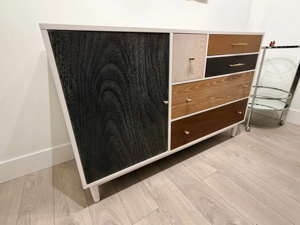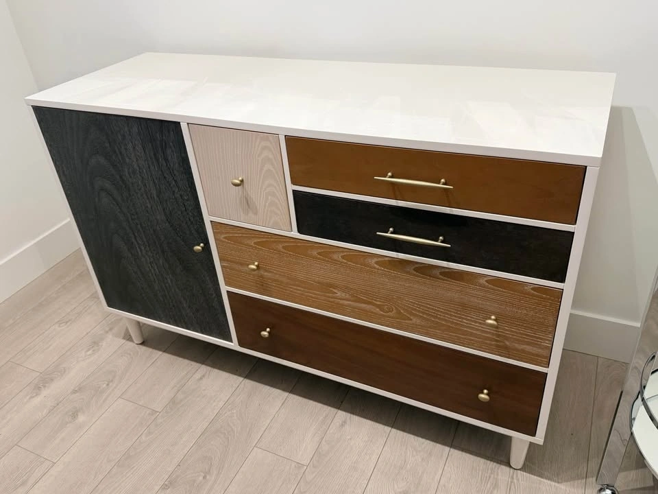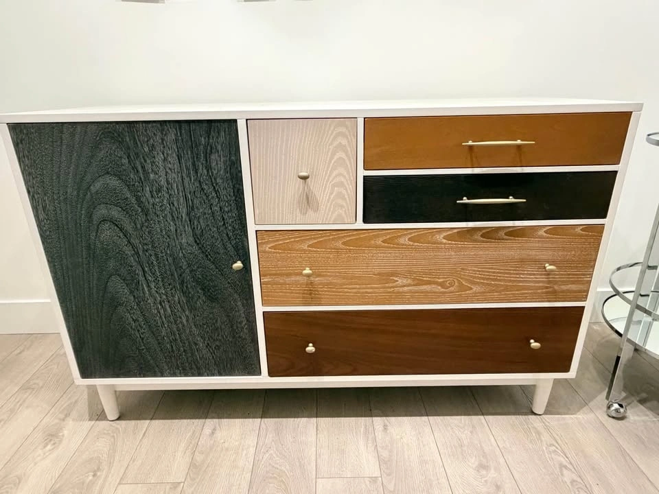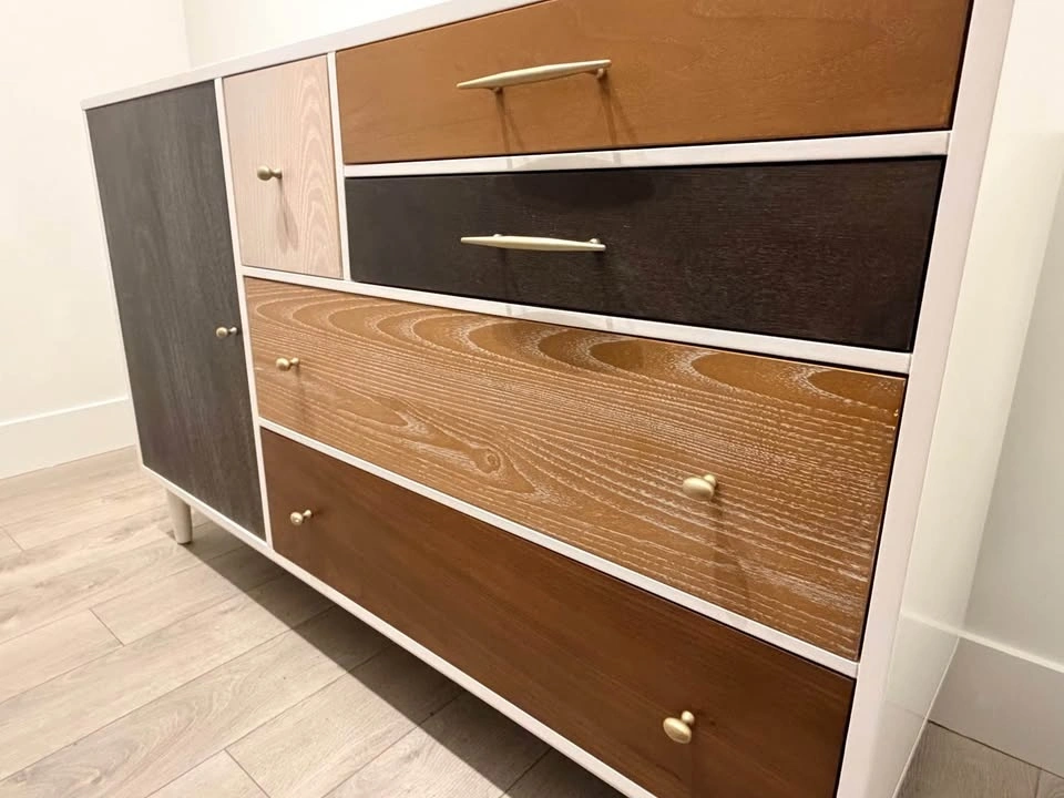A beautiful mid-century modern piece featuring mixed wood drawer fronts, a clean white frame, and brass hardware.
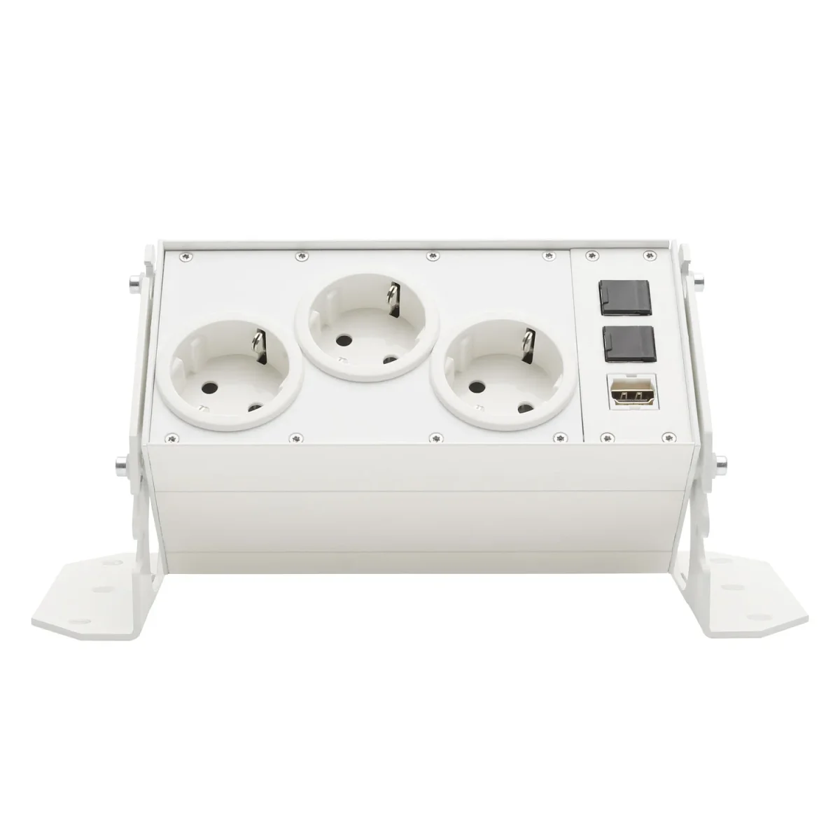 Unser SYSPORT Anschluss-System im Set LIGHT 1 lässt sich ohne Veränderung am Möbelstück verwenden und erlaubt Ihnen dank seiner Universalwinkel, die Montage in verschiedenen Ausrichtungen. So ist eine schräge, dem Nutzer zugeneigte Auftisch-Lösung ebenso einfach möglich, wie eine unsichtbare „hängende“ Installation unter der Tischplatte. Durch den modularen, fast unzerstörbaren mechanischen Aufbau ist jederzeit eine Nachrüstung oder eine Modifikation möglich. Das Gehäuse besteht aus einem stabilen Aluminium-Strangpressprofil, die Frontplatten, Seitenteile sowie Winkel sind aus solidem 2,0mm bis 2,5mm Stahlblech hergestellt. Die robuste und hochwertige Pulveroberfläche ist in drei verschiedenen Standardfarben (RAL 7016, RAL 9006 sowie RAL 9010) verfügbar und sorgt für den perfekten Look. Wunschfarben auf Anfrage.
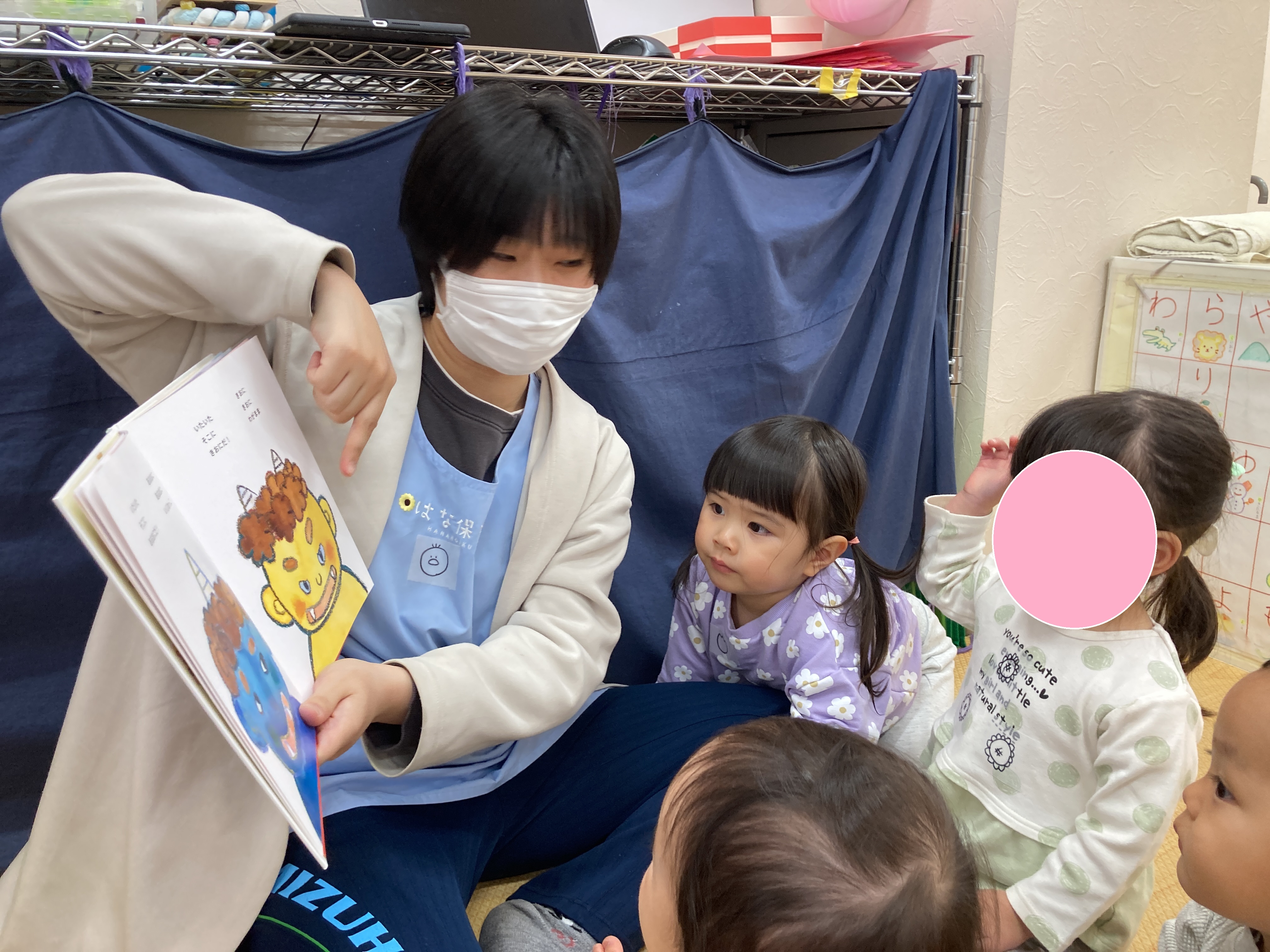 始めは鬼の顔に驚いていた子も、保育士と一緒に鬼のポーズをすると緊張がほぐれたのかニコッと笑顔に
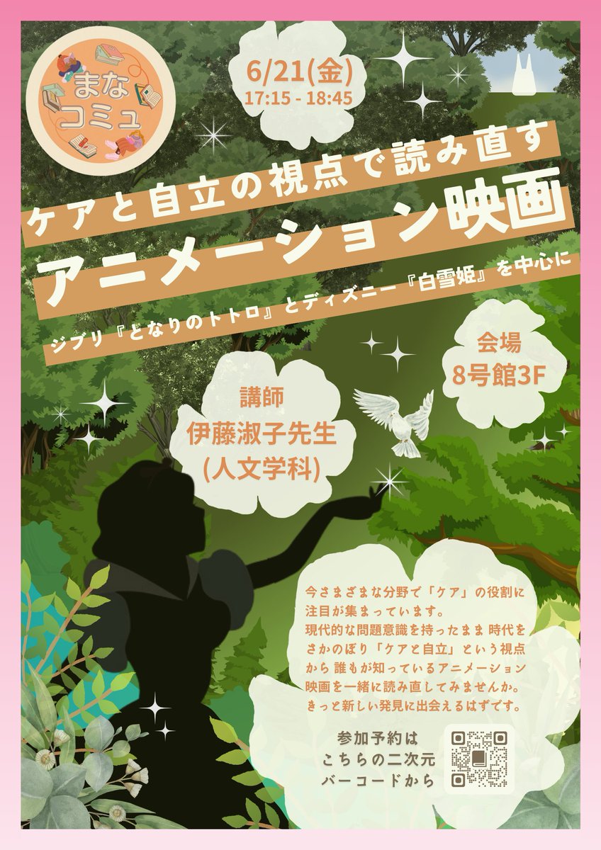 来週開催#まなコミュのご案内/𝟲/𝟮𝟭(金)ケアと自立の視点で読み直すアニメーション映画――ジブリ『となりのトトロ』とディズニー『白雪姫』を中心に\#ケアをテーマにおなじみのアニメ映画を読み解きます▼..
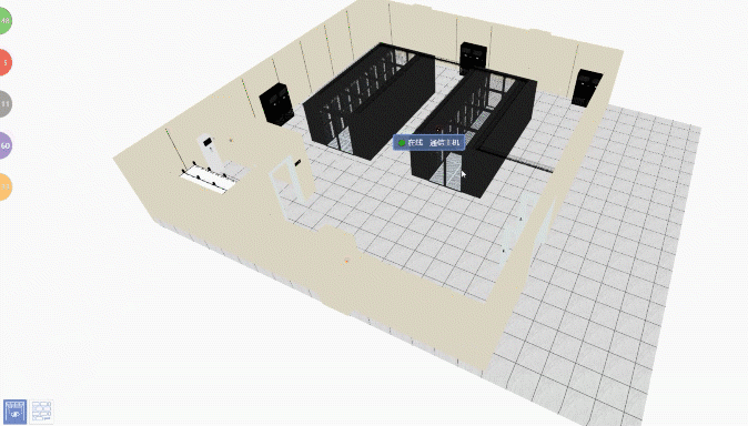 通过鼠标配合键盘上下左右按键操作,巡检人员可以以第一人称视角在模拟场景中自由“行走”,视角可以实现360度旋转,支持多角度切换,让巡检人员能够真实形象地感知机房场景。

* * *

• Aim of the exercise
From the line that contains "始めは鬼の顔に驚いていた子も" down to the last line of the material above, every line must be repeated exactly, with pictures removed and both end lines included.

• Expected answer
 始めは鬼の顔に驚いていた子も、保育士と一緒に鬼のポーズをすると緊張がほぐれたのかニコッと笑顔に
 来週開催#まなコミュのご案内/𝟲/𝟮𝟭(金)ケアと自立の視点で読み直すアニメーション映画――ジブリ『となりのトトロ』とディズニー『白雪姫』を中心に\#ケアをテーマにおなじみのアニメ映画を読み解きます▼..
 通过鼠标配合键盘上下左右按键操作,巡检人员可以以第一人称视角在模拟场景中自由“行走”,视角可以实现360度旋转,支持多角度切换,让巡检人员能够真实形象地感知机房场景。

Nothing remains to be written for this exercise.